Mais Herman n’aurait-il quand même pas deux petits nic-nac qui connectent mal? Oh un détail! Mais j’y reviens parce que je suis étonné que personne, ou presque, n’ait relevé l’affaire, il est vrai devenue banale en Belgique: Herman, sur son petit vélo, a encore participé au Gordel. Vous me direz qu’Elio le Bisexué a subitement décrété qu’il s’agissait d’une manifestation "familiale et sportive". Mais on n’est pas obligé de tout avaler, dans la vie. Au Gordel 2012, suite à la scission de BHV (sa raison d’être historique), ils n’étaient plus que 30.000 joyeux pédaleurs (contre 80.000 avant). Les inflexibles.

Ceux qui veulent encore supprimer les facilités accordées aux (80 % de) francophones des communes de la ceinture bruxelloise. Et, au beau milieu des héros de la N-VA, des nigauds racistes du Belang, des crétins hurlants du Voorpost ou du TAK, bref de cette extrême droite nationaliste plus ou moins fascisante, il y avait le bon Herman.

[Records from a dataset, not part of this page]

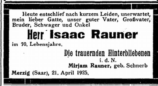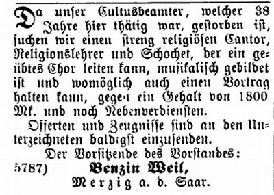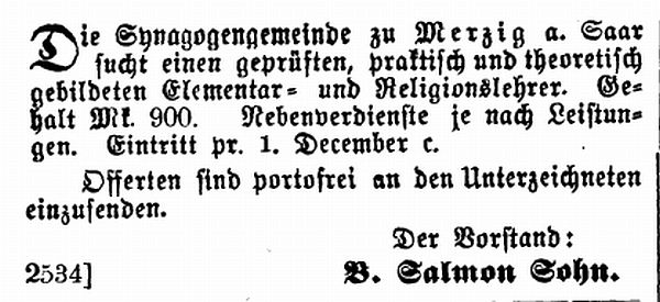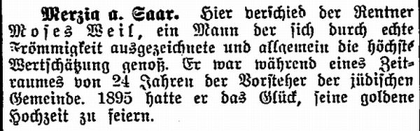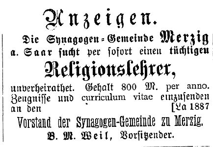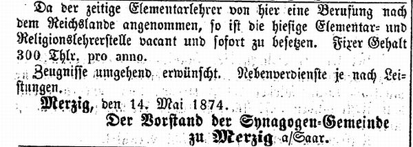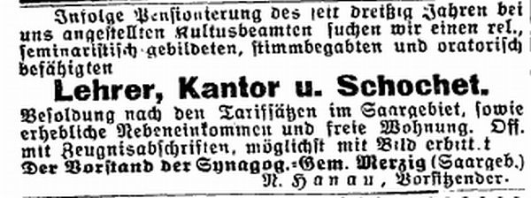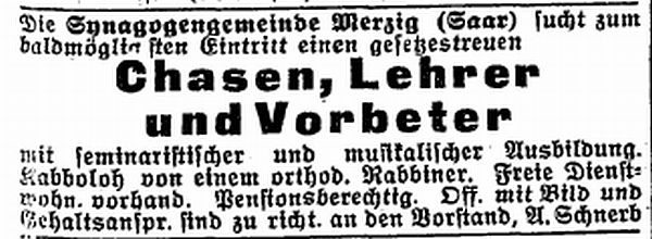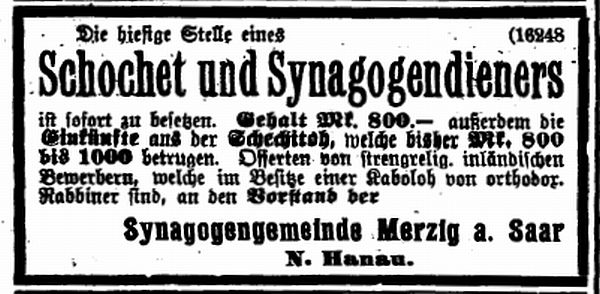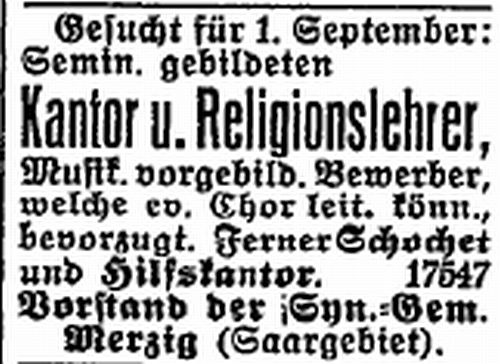 1770. In 1808 there were 83 Jews living in Merzig and 277 by 1905. The
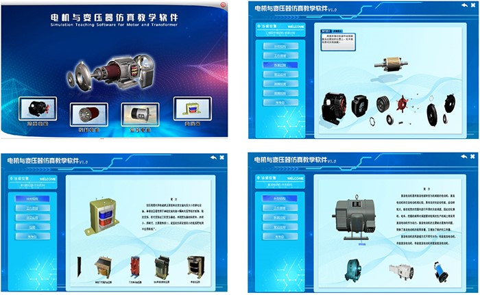 電機與變壓器仿真教學軟件依據《職業(yè)院校數字校園建設規(guī)范》(教職成函[2015]1 號)與教育部頒布的有關專業(yè)教學大綱而設計,選取典型的電機與變壓器,圍繞其核心知識點和技能點展開,兼顧教師的課堂教學,力爭達到軟件的職業(yè)性、情境性、過程性、交互性的相互交融。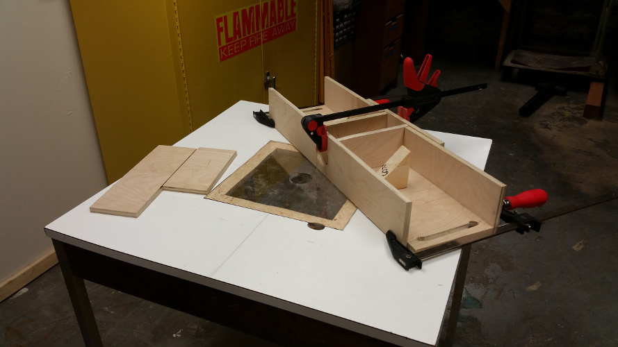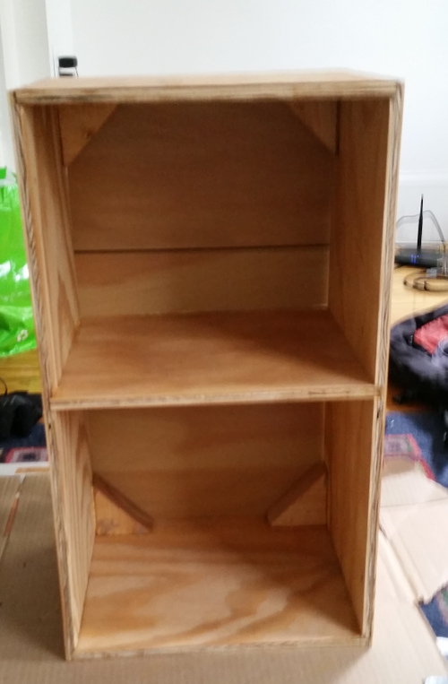 And assemble. By design this just requires wood glue and clamps, although at the last minute I decided to add extra triangle pieces in the corners to ensure that the cubbies don’t tilt.
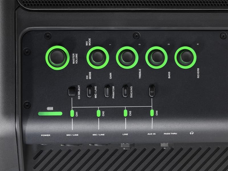 К колонке можно подключить до четырех источников звука как с помощью кабелей, так и по Bluetooth. В JBL EON ONE Compact уже встроен микшерный пульт, который поддерживает алгоритмы обработки сигнала Lexicon и dbx. Сигнал от микрофонов можно подавать на первые два канала через XLR/TRS-разъемы. Причем на первый вход можно подать также и фантомное питание 48 В. На третий канал сигнал поступает через Hi-Z вход с TRS-разъемом. Четвертый канал используется для подключения внешних источников звука через AUX или Bluetooth.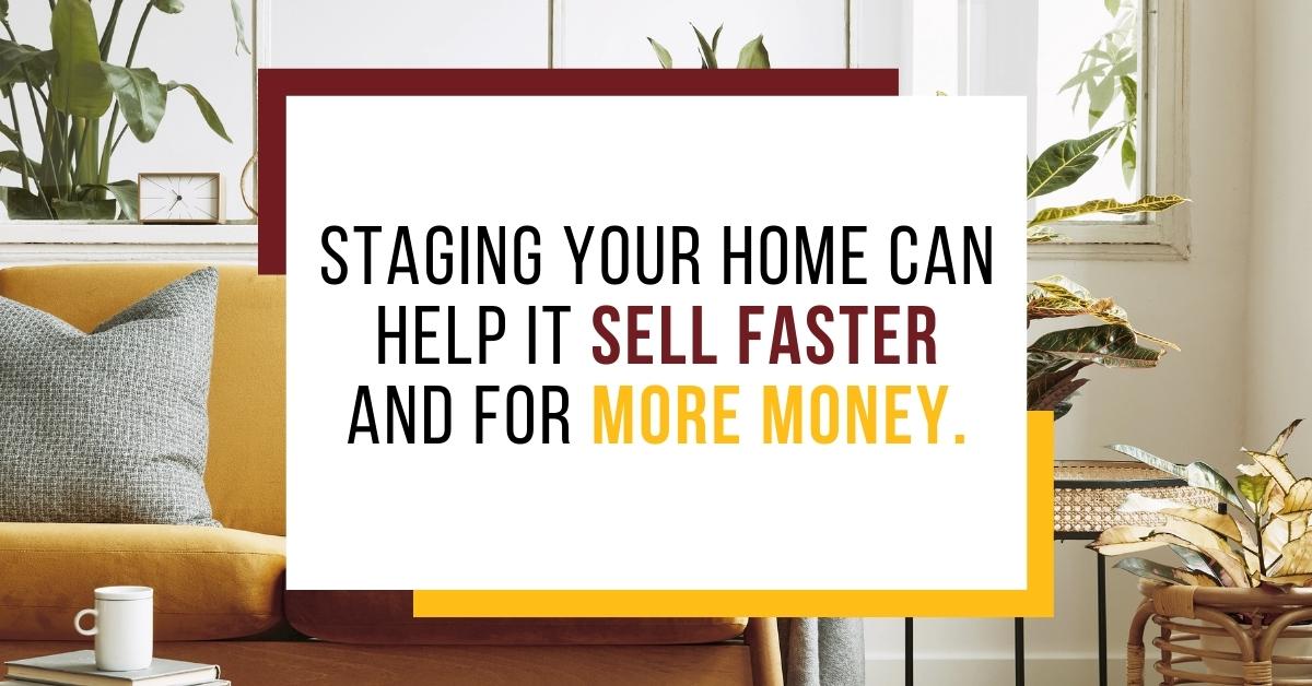 The process of making your home look its best and appeal to potential buyers is called staging, and it can be a game changer. According to the International Association of Home Staging Professionals, an average priced staged home sells 5 to 11 times faster than its unstaged counterpart. Even better, the majority of staged homes sell for 4% to 20% over list price!5

Il est vrai qu’il est de Rhode-Saint-Genèse, une de ces communes à facilités où les francophones ont tant brutalisé la langue, le territoire, voire l’âme flamande. Et, justement, à Rhodes, il y a aussi Geertrui Van Rompuy. Et que fait-elle, Madame épouse Herman? De la politique.

Pour les communales, elle est même n°1 de l’unique liste flamande, qui fait la part très belle aux candidats N-VA. Et Gertrude a trouvé pas mal de confier la deuxième place de sa liste à un certain Ludo De Becker, ex-Vlaams Belang qui se distingua par un slogan de son cru invitant les "rats wallons à plier bagage" et publia la photo du roi Albert II grimé en Adolf Hitler.

Donc je résume… Le dimanche, Herman pédale gaiement en compagnie de la fine fleur du nationalisme flamand. A sa maison de Sint-Genesius-Rode, il ne voit point malice à ce que Geertrui soit électoralement secondée par un secoué d’extrême droite.

Mais le lundi, il endosse son costard de 1er Européen et s’en va incarner les valeurs de l’Union européenne, c’est-à-dire la solidarité entre Européens. Le contraire des nationalismes. Si je puis me permettre, Monsieur le Président-Traiteur, soutenir la flaminganterie à la maison et combattre le nationalisme au bureau, c’est comme l’humanisme et la charia, ou comme Bernard Arnault et la décence: ça ne va pas ensemble.

Européen dehors et nationaliste dedans, chez moi on appelle ça être toursiveu, quand on veut rester poli. Ou alors faux cul quand on veut être moins sympa. Mais peut-être qu’après tout, Dieu a créé la Flandre pour être une exception.